**SOURCE DATA**
+ + + +

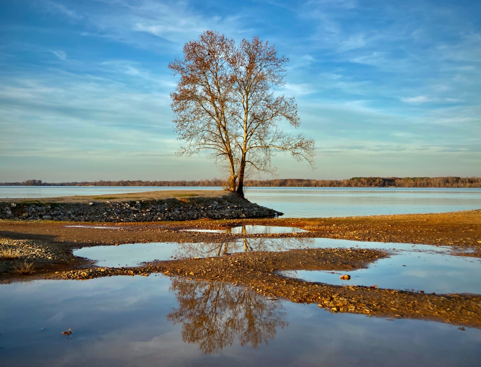 The tree at the end of the world. At Ingalls Harbor in Decatur, Alabama, this sycamore tree commands the shoreline of the Tennessee River. It had rained recently and puddles mirrored the sky and tree. If you bent low to the ground you could see their reflections. I shot this with an iPhone 11 using a 2x tele lens from Moment.
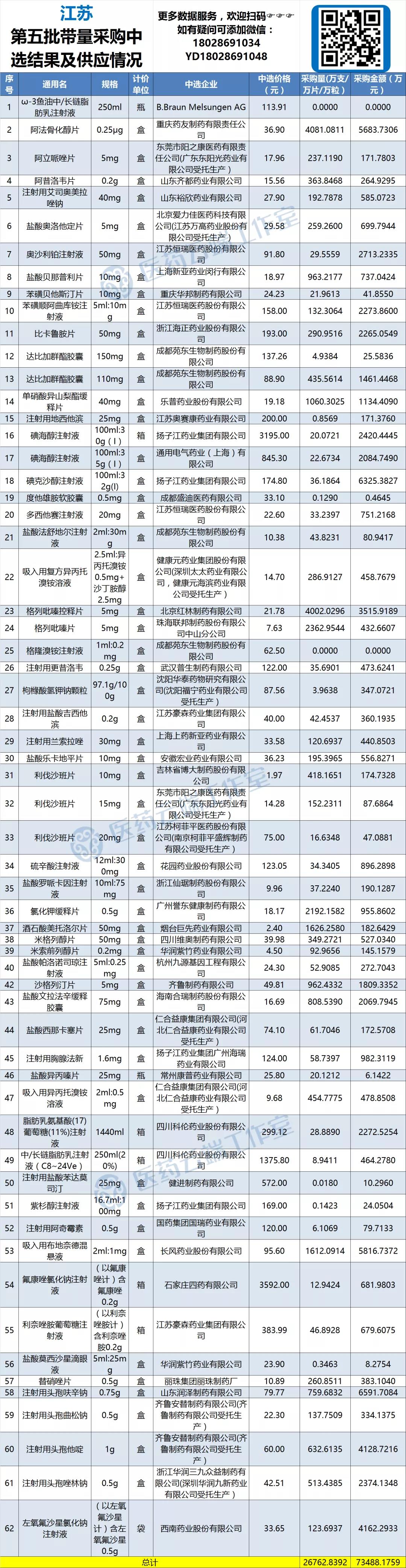 經(jīng)醫(yī)藥云端工作室測(cè)算,江蘇省第五批國(guó)采中選品種的首年約定采購(gòu)金額約為7.3億元(詳見下表)。
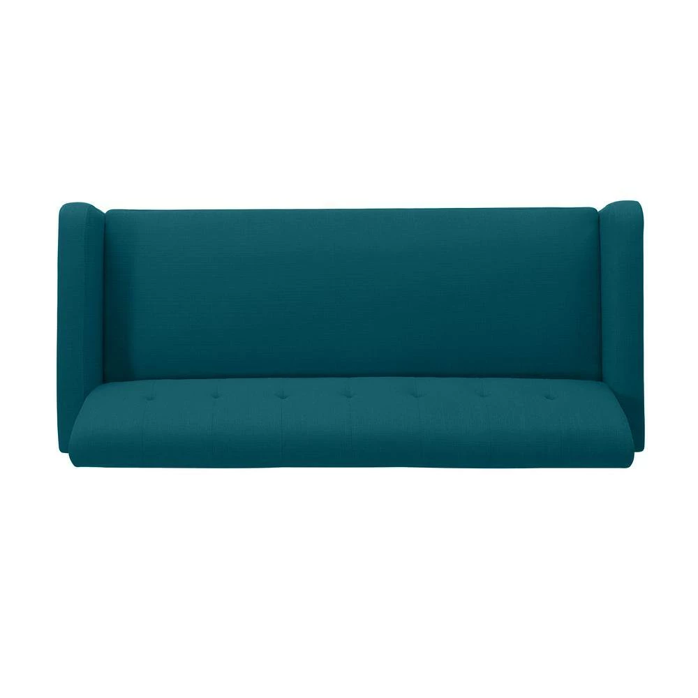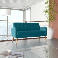 Sofa boasts a mid century modern design that will elevate your home. The sofa features a square back with lace tufted design, sinuous springs and a thick foam cushion for extraordinary comfort. Covered in a durable, easy clean 100% polyester linen-like fabric. HANDY LOCK easy connect, simply slide and click together in less than 15 minutes with included instructions. Ships in 1-box. Imported, color may vary.
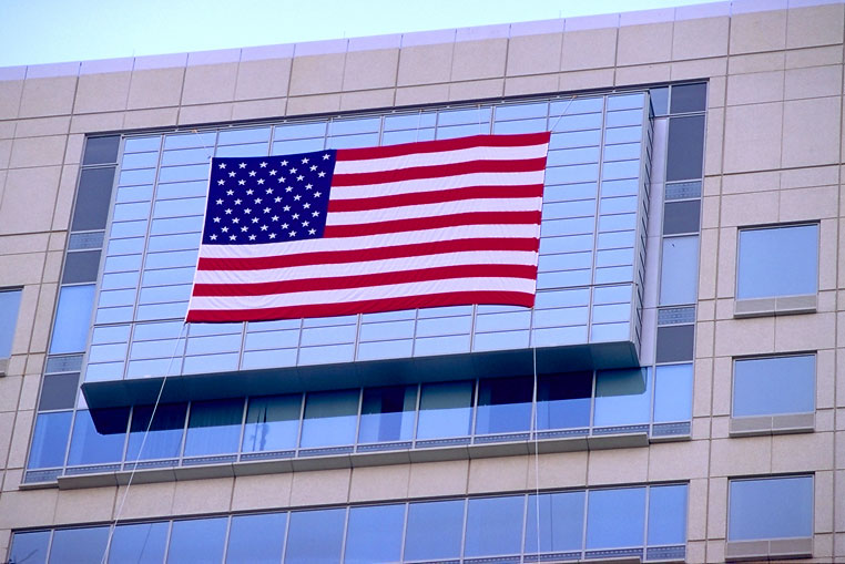 Today's Action Photo is a picture of a big American flag displayed on the side of a building along Beltway 8 in Houston, Texas, in honor of the people who died in the September 11 incident. Photo taken with a Canon Elan IIe camera, 70-200mm f/2.8L lens, Fuji Velvia film, 1/15 at f/5.6.

+ + + +

**GOAL OF THE EXERCISE**
Reproduce the full listing faithfully, but do not carry over any pictures.

**PROBLEM SOLUTION**
 The tree at the end of the world. At Ingalls Harbor in Decatur, Alabama, this sycamore tree commands the shoreline of the Tennessee River. It had rained recently and puddles mirrored the sky and tree. If you bent low to the ground you could see their reflections. I shot this with an iPhone 11 using a 2x tele lens from Moment.
 經(jīng)醫(yī)藥云端工作室測(cè)算,江蘇省第五批國(guó)采中選品種的首年約定采購(gòu)金額約為7.3億元(詳見下表)。
 Sofa boasts a mid century modern design that will elevate your home. The sofa features a square back with lace tufted design, sinuous springs and a thick foam cushion for extraordinary comfort. Covered in a durable, easy clean 100% polyester linen-like fabric. HANDY LOCK easy connect, simply slide and click together in less than 15 minutes with included instructions. Ships in 1-box. Imported, color may vary.
 Today's Action Photo is a picture of a big American flag displayed on the side of a building along Beltway 8 in Houston, Texas, in honor of the people who died in the September 11 incident. Photo taken with a Canon Elan IIe camera, 70-200mm f/2.8L lens, Fuji Velvia film, 1/15 at f/5.6.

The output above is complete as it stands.